_LISTED ENTRIES:_
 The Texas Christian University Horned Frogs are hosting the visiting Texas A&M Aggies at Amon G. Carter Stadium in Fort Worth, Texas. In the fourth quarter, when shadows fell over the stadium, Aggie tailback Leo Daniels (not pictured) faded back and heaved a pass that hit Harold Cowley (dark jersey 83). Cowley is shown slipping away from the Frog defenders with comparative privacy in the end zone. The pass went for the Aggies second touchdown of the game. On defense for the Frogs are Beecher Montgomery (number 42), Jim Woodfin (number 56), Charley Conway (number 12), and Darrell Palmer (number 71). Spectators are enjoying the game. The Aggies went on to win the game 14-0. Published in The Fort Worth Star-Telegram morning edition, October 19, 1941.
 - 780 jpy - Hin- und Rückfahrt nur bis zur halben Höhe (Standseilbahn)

==

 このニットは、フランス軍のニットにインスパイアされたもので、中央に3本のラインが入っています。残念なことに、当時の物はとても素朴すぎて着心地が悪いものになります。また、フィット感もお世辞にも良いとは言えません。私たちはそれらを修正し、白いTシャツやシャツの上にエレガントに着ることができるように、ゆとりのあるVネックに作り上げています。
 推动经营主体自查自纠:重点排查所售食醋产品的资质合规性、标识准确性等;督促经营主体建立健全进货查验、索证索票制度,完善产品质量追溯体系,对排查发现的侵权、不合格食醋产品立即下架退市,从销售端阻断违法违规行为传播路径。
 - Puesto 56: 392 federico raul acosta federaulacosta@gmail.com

_WHAT YOU ARE ASKED TO DO:_
Word for word, restate the lines above from the line containing "The Texas Christian" through the line containing "- 780 jpy - Hin- und", with both included and nothing else.

_ANSWER FOR THIS EXERCISE:_
 The Texas Christian University Horned Frogs are hosting the visiting Texas A&M Aggies at Amon G. Carter Stadium in Fort Worth, Texas. In the fourth quarter, when shadows fell over the stadium, Aggie tailback Leo Daniels (not pictured) faded back and heaved a pass that hit Harold Cowley (dark jersey 83). Cowley is shown slipping away from the Frog defenders with comparative privacy in the end zone. The pass went for the Aggies second touchdown of the game. On defense for the Frogs are Beecher Montgomery (number 42), Jim Woodfin (number 56), Charley Conway (number 12), and Darrell Palmer (number 71). Spectators are enjoying the game. The Aggies went on to win the game 14-0. Published in The Fort Worth Star-Telegram morning edition, October 19, 1941.
 - 780 jpy - Hin- und Rückfahrt nur bis zur halben Höhe (Standseilbahn)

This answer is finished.